**Assignment:**
Find "面ファスナーのワンタッチ筆巻き。通気性が良く、筆が抜け落ちないポケット付き。" below and begin at its line; stop after the line with "Immunohistochemistry of paraffin-embedded". Output those lines exactly, without pictures.

==== Records shown

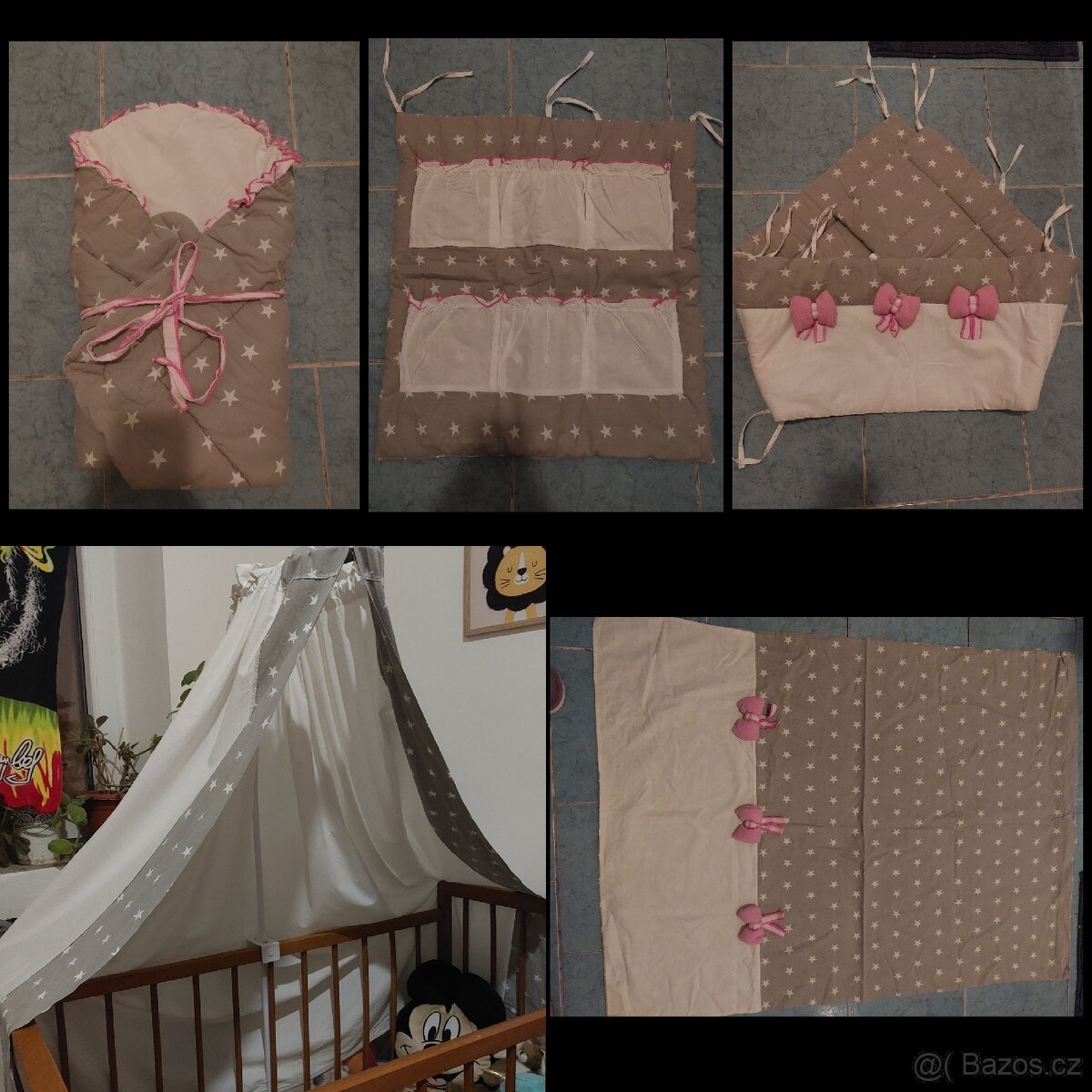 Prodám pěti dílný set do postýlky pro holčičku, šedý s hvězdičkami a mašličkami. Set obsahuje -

========
==== Records shown

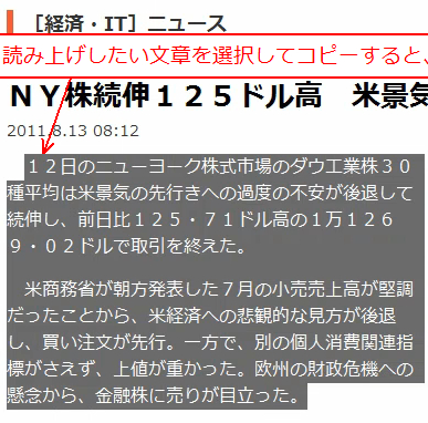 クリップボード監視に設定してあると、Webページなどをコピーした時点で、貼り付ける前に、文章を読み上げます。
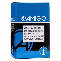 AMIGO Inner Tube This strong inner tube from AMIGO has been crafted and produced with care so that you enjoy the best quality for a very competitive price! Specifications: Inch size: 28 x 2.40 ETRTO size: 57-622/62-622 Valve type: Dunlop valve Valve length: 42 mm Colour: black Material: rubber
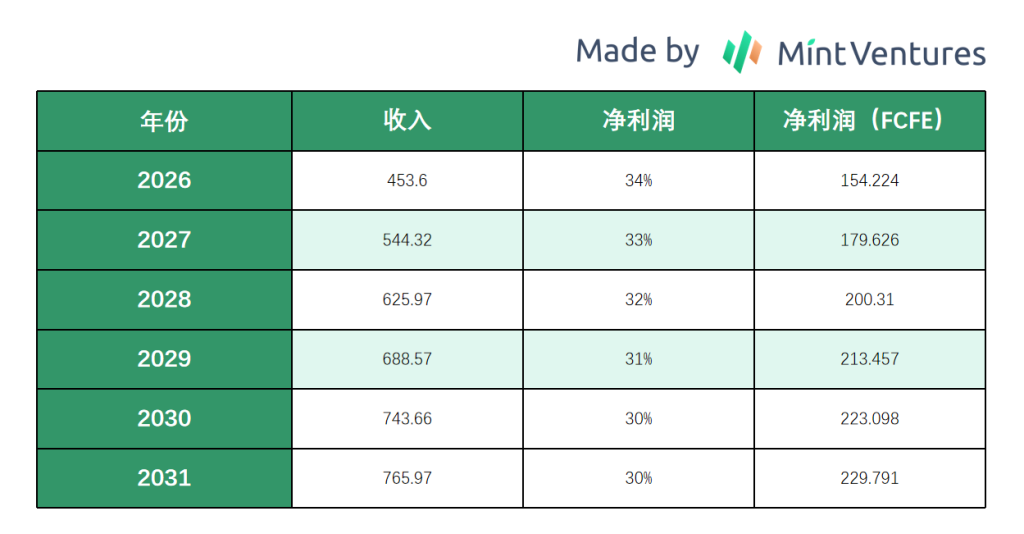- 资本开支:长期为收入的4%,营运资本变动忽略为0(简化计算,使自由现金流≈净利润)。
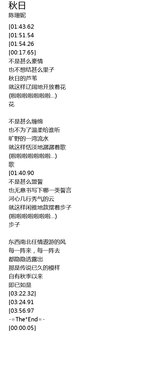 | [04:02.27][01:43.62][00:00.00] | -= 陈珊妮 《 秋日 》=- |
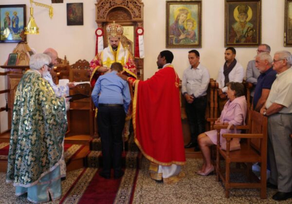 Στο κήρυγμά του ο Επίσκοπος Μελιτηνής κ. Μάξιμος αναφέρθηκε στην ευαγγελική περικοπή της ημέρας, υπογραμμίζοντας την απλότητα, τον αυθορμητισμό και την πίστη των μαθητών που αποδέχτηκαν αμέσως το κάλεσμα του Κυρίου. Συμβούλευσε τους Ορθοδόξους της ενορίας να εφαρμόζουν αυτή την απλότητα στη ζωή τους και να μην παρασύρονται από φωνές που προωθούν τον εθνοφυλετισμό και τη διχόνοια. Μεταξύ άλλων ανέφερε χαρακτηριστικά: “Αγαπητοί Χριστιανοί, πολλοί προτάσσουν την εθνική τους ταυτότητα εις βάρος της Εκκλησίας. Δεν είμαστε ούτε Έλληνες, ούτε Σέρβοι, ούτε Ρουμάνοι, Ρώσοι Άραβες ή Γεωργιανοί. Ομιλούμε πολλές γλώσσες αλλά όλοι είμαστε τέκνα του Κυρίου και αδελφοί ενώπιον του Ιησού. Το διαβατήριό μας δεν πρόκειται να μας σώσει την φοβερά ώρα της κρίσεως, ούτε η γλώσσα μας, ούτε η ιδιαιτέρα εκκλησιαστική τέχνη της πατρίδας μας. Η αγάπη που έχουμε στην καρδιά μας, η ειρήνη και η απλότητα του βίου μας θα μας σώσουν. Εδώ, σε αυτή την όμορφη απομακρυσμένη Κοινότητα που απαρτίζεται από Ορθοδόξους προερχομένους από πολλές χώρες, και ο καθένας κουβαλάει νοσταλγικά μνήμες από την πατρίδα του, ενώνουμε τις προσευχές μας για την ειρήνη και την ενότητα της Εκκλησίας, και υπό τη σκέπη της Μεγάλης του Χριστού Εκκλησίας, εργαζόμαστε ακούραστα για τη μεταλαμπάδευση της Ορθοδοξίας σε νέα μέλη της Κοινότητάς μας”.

========
==== Records shown

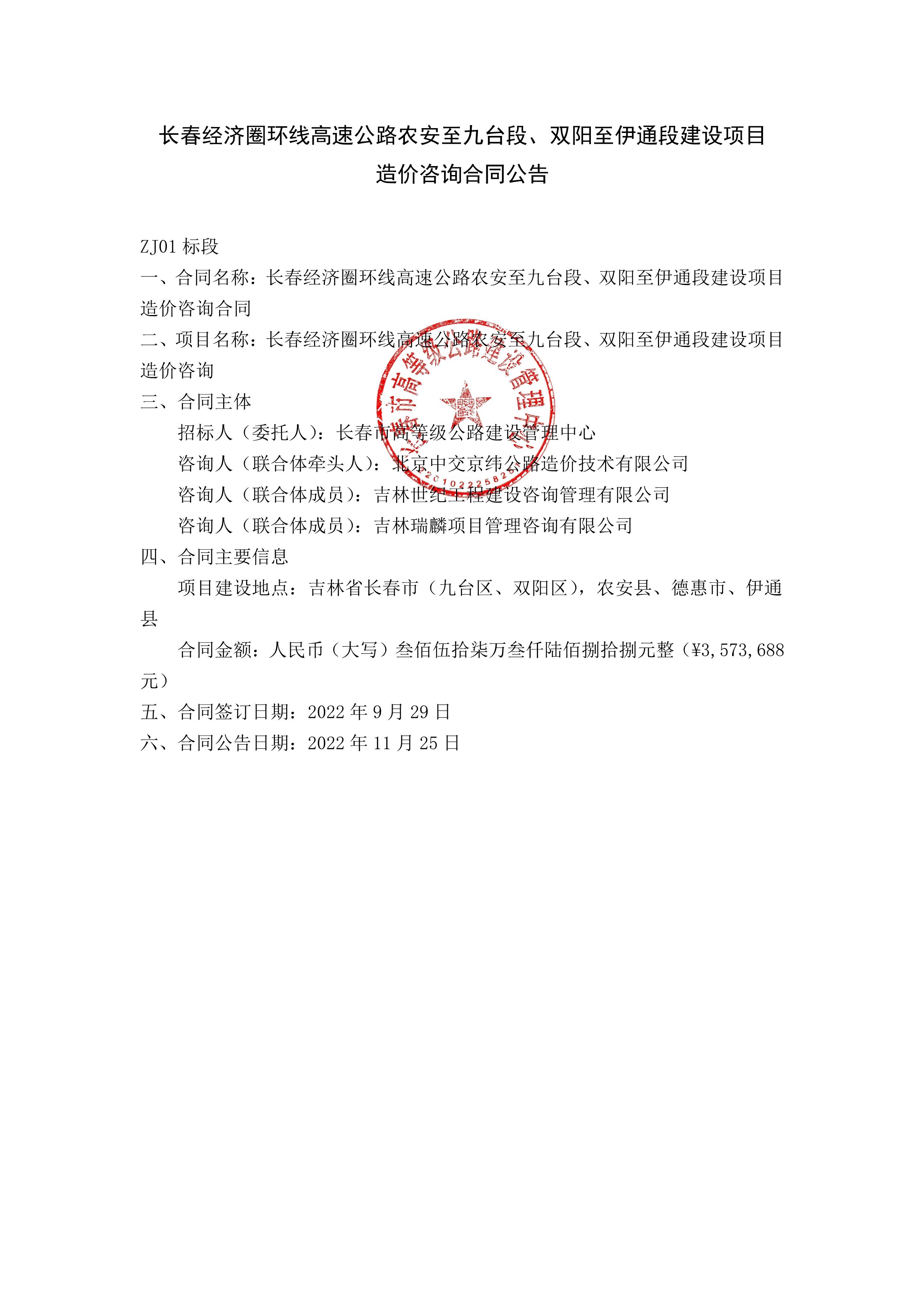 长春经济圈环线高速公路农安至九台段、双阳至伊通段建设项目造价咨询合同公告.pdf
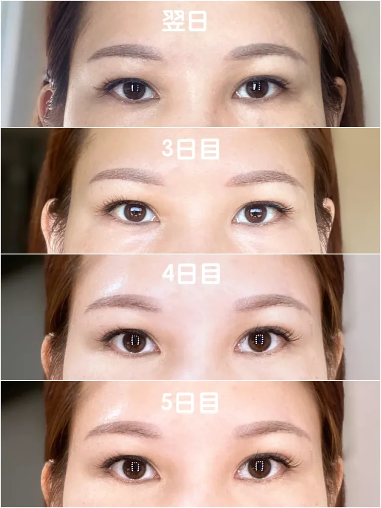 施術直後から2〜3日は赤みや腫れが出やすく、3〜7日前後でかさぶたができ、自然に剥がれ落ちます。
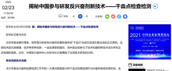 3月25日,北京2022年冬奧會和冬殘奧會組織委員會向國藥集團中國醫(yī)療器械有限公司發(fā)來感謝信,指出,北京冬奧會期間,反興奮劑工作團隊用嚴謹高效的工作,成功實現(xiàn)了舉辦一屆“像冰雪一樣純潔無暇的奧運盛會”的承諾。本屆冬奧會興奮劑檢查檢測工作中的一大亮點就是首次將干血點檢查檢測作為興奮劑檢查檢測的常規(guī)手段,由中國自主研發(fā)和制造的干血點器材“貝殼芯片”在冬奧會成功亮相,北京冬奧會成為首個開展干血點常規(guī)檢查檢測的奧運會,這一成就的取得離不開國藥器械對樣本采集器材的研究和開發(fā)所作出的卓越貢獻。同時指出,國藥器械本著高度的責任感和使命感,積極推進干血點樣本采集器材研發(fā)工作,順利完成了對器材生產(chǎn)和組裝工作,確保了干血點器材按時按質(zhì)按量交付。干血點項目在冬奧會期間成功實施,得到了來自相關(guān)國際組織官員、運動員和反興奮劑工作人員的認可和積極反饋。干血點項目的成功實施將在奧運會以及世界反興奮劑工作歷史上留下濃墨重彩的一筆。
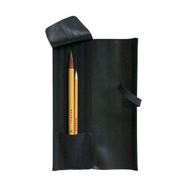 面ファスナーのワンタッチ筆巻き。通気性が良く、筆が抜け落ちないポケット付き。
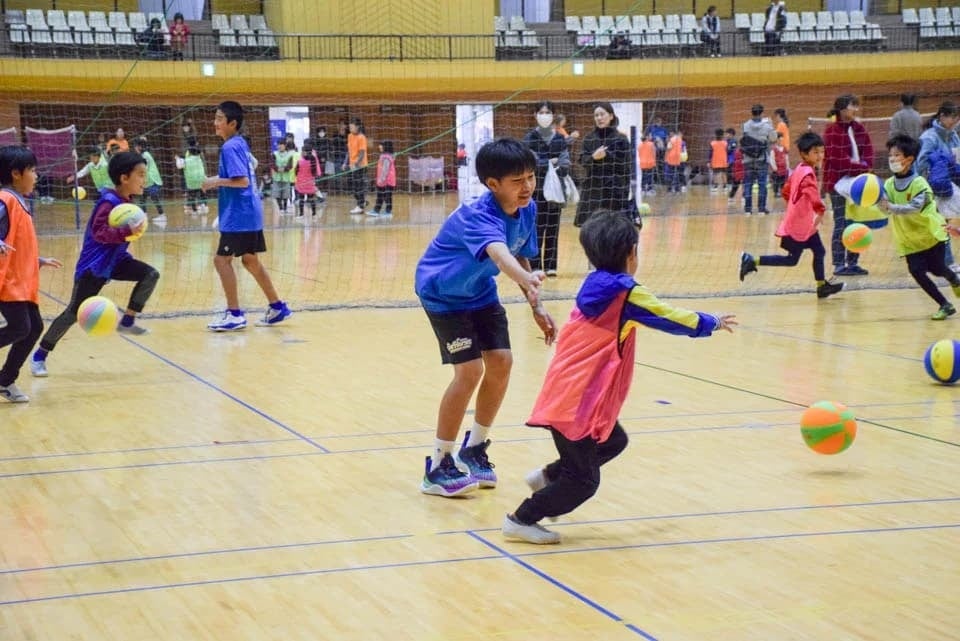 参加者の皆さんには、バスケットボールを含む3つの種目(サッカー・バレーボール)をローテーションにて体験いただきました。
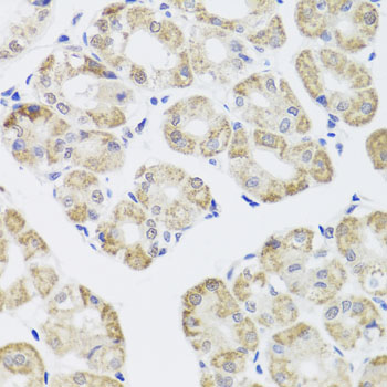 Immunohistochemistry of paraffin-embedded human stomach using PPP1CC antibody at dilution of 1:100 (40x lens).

========

**Completed task:**
 面ファスナーのワンタッチ筆巻き。通気性が良く、筆が抜け落ちないポケット付き。
 参加者の皆さんには、バスケットボールを含む3つの種目(サッカー・バレーボール)をローテーションにて体験いただきました。
 Immunohistochemistry of paraffin-embedded human stomach using PPP1CC antibody at dilution of 1:100 (40x lens).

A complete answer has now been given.